樹木葬と永代供養は、対立する選択肢ではなく、「葬法」と「契約形態」という違う次元の概念。多くの樹木葬は永代供養付きで、本当の比較は「自然回帰の樹木葬」と「仏教的供養の合葬墓」の選択になります。

判断軸は3つ。①自然志向 or 仏教供養志向②家族の参拝しやすさ③予算。これに沿って絞り、必ず現地見学してから決断しましょう。

そして最も大事なのは、決めた希望をエンディングノートに残すこと。それが残された家族への最大の贈り物になります。

よくある質問(FAQ)

Q. 樹木葬と永代供養、どちらが安いですか?

A. 永代供養(合葬型)が最安で5〜20万円から。樹木葬は里山型10〜30万円、庭園型なら50〜100万円。費用最優先なら合葬型永代供養が選択肢になります。

Q. 樹木葬は遺骨を後から取り出せますか?

A. 合葬式は取り出し不可、個別式は契約条件によりますが多くは取り出し可能。事前に必ず書面で確認してください。家族が後から「やっぱり別の場所に」と希望するケースは少なくありません。

Q. 樹木葬や永代供養に、宗派の縛りはありますか?

A. 公営・民営の樹木葬は宗派不問がほとんど。寺院の永代供養墓は当該宗派縛りのケースがあります。檀家ではない人を受け入れる寺院も増えていますが、年忌法要などは宗派の作法で行われます。

Q. 永代供養は本当に「永代」続きますか?

A. 多くの場合「33回忌まで個別安置→その後合葬」というプランで、合葬後は寺院・霊園が永続管理します。ただし運営法人の財務状況によっては破綻リスクもあるので、創業年数の長い・実績のある法人を選ぶことが重要です。

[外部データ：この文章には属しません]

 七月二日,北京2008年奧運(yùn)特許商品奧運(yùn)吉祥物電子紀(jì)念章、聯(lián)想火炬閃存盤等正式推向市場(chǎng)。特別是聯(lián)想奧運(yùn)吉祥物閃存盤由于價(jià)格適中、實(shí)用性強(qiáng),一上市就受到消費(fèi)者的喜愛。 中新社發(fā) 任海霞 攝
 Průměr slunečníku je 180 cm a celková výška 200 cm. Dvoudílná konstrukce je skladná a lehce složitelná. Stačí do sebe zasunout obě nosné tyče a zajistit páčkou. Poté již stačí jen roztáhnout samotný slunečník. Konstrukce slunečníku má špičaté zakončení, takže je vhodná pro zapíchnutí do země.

Q. 散骨だけにすると、家族の「手を合わせる場所」がなくなりますか?

A. はい、その通りです。対策として①手元供養と組み合わせる(一部だけ自宅へ)、②散骨証明書・記念碑を作っておく、③記念樹を植える、などの方法があります。「お参りする場所がない」ことを家族が受け入れられるか、事前確認が必須。

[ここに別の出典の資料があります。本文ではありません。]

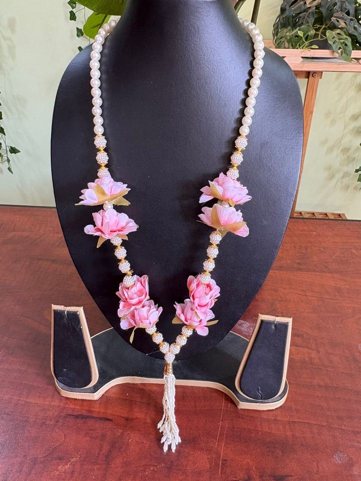 Elegant Handmade Floral Pearl Necklace Set with Blossom Accents and Beaded Tassel Traditional Festive Jewelry for Weddings

Q. 親に勝手に樹木葬を契約してしまっていいですか?

A. 絶対にやめてください。本人の同意なしに墓地契約をすると、後日「自分はそこに入りたくなかった」と判明したときに修復不能。必ず本人と話し合い、できれば本人と一緒に現地見学に行きましょう。

Q. 樹木葬の墓標の木は、何年もつのですか?

A. 施設によって異なりますが、桜・モミジなどの主木は30〜50年は持つのが一般的。施設運営者が定期的に植え替え・剪定するので、契約時に「木の管理は誰がするか」を必ず確認してください。

Q. 親のお墓を樹木葬に「改葬」(移す)できますか?

A. はい、可能です。「墓じまい」→「樹木葬への改葬」の流れになります。費用は墓じまい30〜100万円+樹木葬10〜100万円。詳細は墓じまいガイドを参照してください。